Calculater the amount of heat in kilojoules released when 50 grams of steam at 125 C are converted to 50 grams of ice at -125 C?
q1 = heat released going from steam at 125 to steam at 100.
q1 = mass steam x specific heat steam x delta T.
q2 = heat released to condense steam at 100 to liquid water at 100.
q2 = mass steam x heat vaporization.
q3 = heat released going from water at 100 to water at zero.
q3 = mass H2O x specific heat water x delta T.
q4 = heat released to freeze water at zero to ice at zero.
q4 = mass water x heat of fusion.
q5 = heat released for ice going from zero to -125.
q5 = mass ice x specific heat ice x delta T.
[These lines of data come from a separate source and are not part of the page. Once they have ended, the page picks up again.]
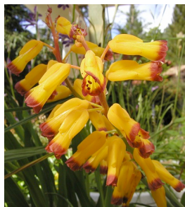
Lachenalia aloides ‘Pearsonii’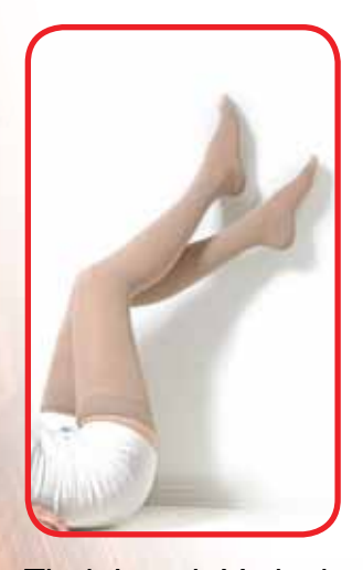
Thigh Length Medical Compression Stocking with Closed Toe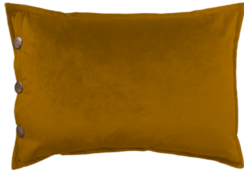
GOLD 35 x 50 cm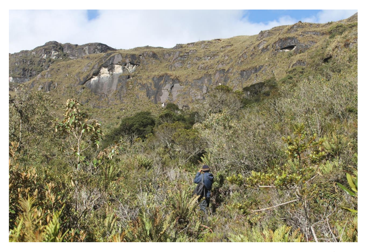
Highlight 2. Bird watching in transition forest, Alto Huayabamba Conservation Concession.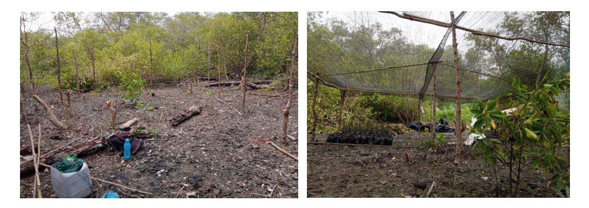
Figure 2. Construction of Bedeng

The community service team with mitra prepare activities by choosing nursery locations that are influenced by tides, providing bedeg with a size of 5x10 m with a height of 1.5 m. The bedeng are given light shade from paranet as the result of the construction of the bedeng, which can be seen in Figure 2.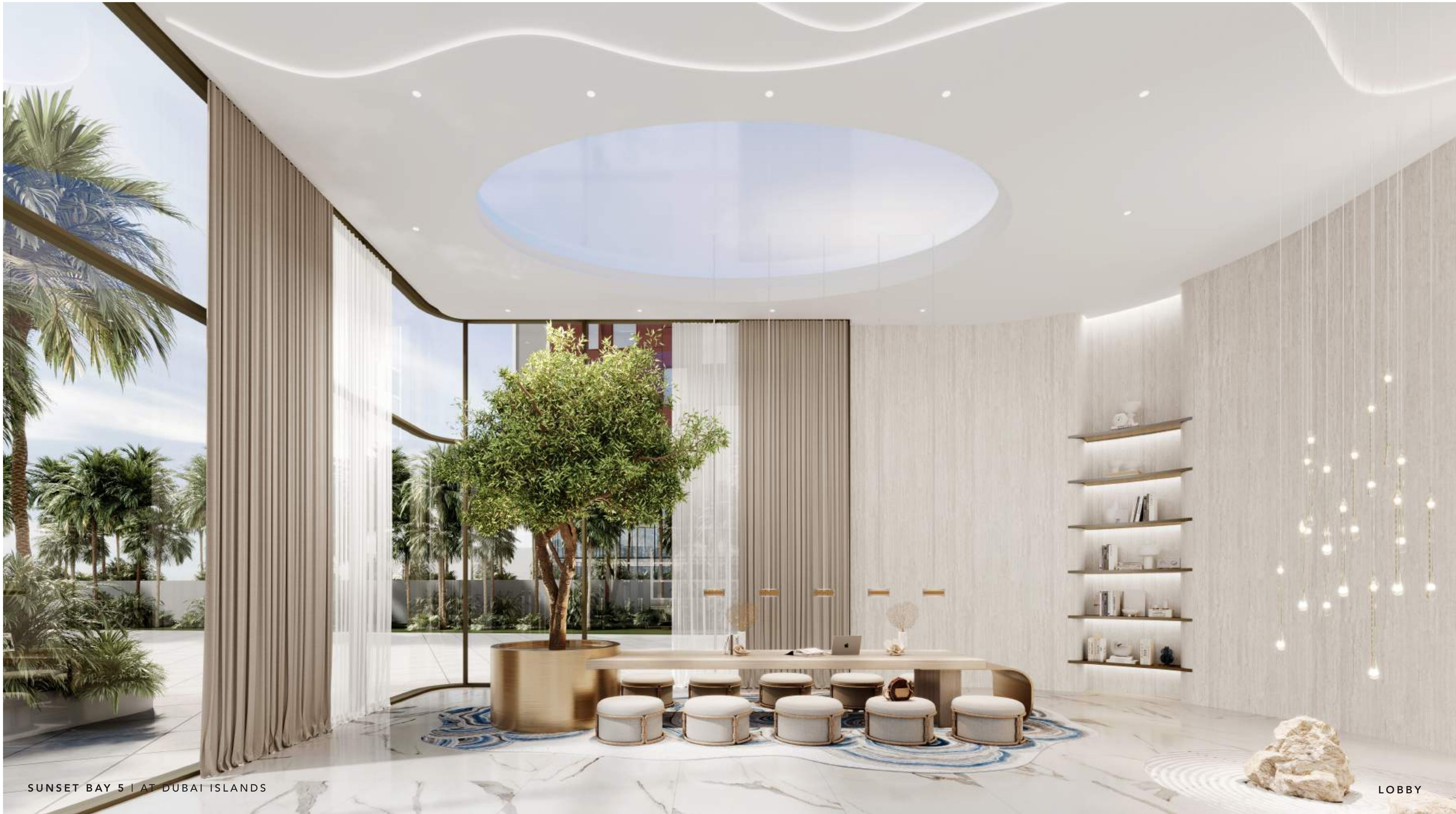
SUNSET BAY 5 | AT DUBAI ISLANDS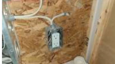
Pic. 41: Cover plates required where missing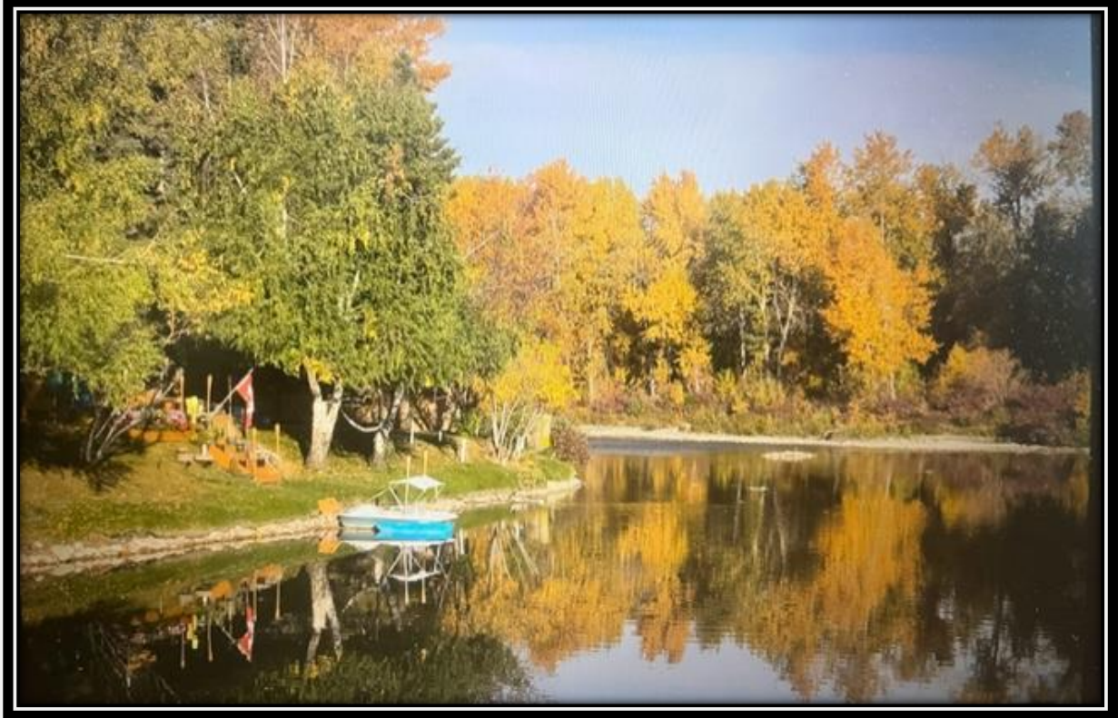
Elbow River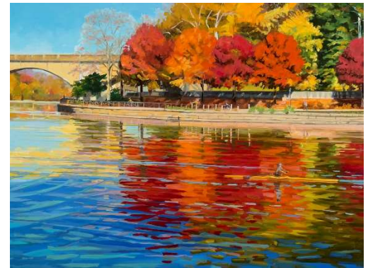
Red Reflections on the Schuylkill

"The exhibit is called "Fall in Philadelphia" and includes many new large oils inspired by the Philadelphia region in the fall. In her characteristic vibrant painterly style, Elaine has captured wonderful street scenes from every part of the city as well as some stream and river reflections from area waterways. The intense yellows and reds and the warm autumn light make the show a feast for the senses."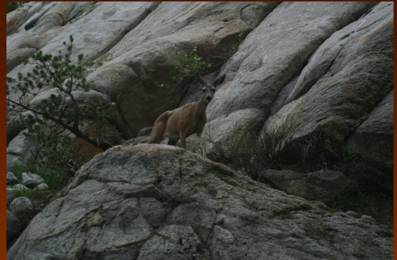
Bucks Lake, Emigrant Wilderness, CA Deer walking through Camp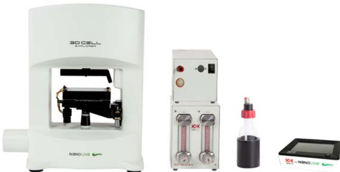
Figure 2: 3D Cell Explorer set up with its top stage incubator

Secondly, you will need the Nanolive's top stage incubator equipment. This includes the top stage incubation chamber, a controller pad, and a humidity system. We recommend using our CO 2 mixer and air pump that will ensure a proper control of CO 2 proportions and will help you save some money on compressed air. Learn how to set up your Nanolive Top Stage Incubator here: http://nanolive.ch/supporting-material/#setup-incubator .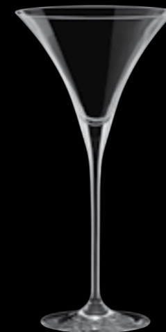
Martini 28 24 cl 8 oz H 275mm 10¾" D 127mm 5" No. 6051 2800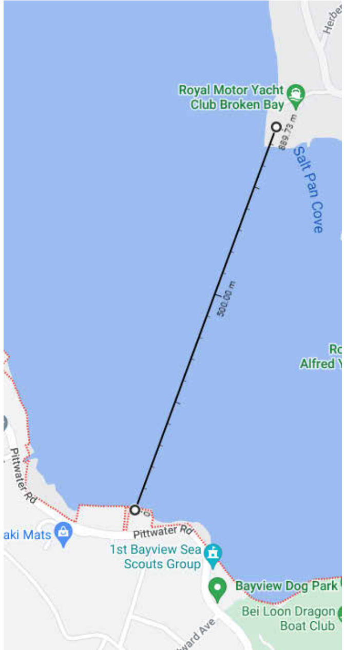
VISUAL IMPACT ANALYSIS - VIEW 01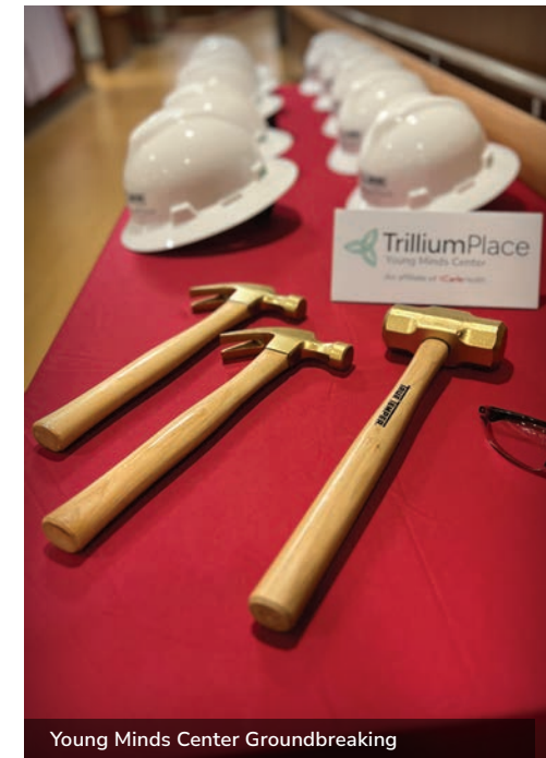
Young Minds Center Groundbreaking

When the Carle Auxiliary opened the Carle Auxiliary Guest House in 2003, it was one of their proudest moments. Since then, the Guest House has served as a home away from home for over 35,000 guests arriving at Carle Foundation Hospital from every state and countless countries. Designed to accommodate the families of patients receiving lifesaving care, the beautifully appointed house has 13 rooms, including three family suites that can welcome up to four guests. On average, 1,500 guests each year use the facility, which includes a pantry stacked with breakfast food, snacks and other items to keep them energized throughout the day. It costs about $275,000 a year to operate the home, but no guest ever sees a bill – all thanks to proceeds from Carle Auxiliary fundraisers, gift shops and the Carle Auxiliary Resale Boutique, as well as generous contributions from donors. We're grateful for the hard-working staff and Auxiliary volunteers who make sure the Guest House doors are always open for families with loved ones in our care.

Total q = q1 + q2 + q3 + q4 + q5.
Post your work if you get stuck.
To calculate the amount of heat released during a phase change, we can use the equation:
Q = m × H
Where:
Q is the amount of heat released or absorbed in joules,
m is the mass of the substance in kilograms, and
H is the specific heat capacity of the substance in joules per kilogram per degree Celsius.
Here's how we can solve the problem step by step:
Step 1: Convert the temperature units to Kelvin.
To convert Celsius to Kelvin, we add 273.15 to the temperature.
125°C + 273.15 = 398.15 K
-125°C + 273.15 = 148.15 K
Step 2: Determine the amount of heat released during the phase change from steam to water at 100°C.
We know that the specific heat capacity for vaporization (latent heat of vaporization) of water is 2260 J/g. However, the units are given in grams, so we must convert grams to kilograms:
50 grams = 0.05 kilograms
Q1 = m × Hvap
= 0.05 kg × 2260 J/g
= 113 J
Step 3: Determine the amount of heat released during the cooling process from 100°C to 0°C.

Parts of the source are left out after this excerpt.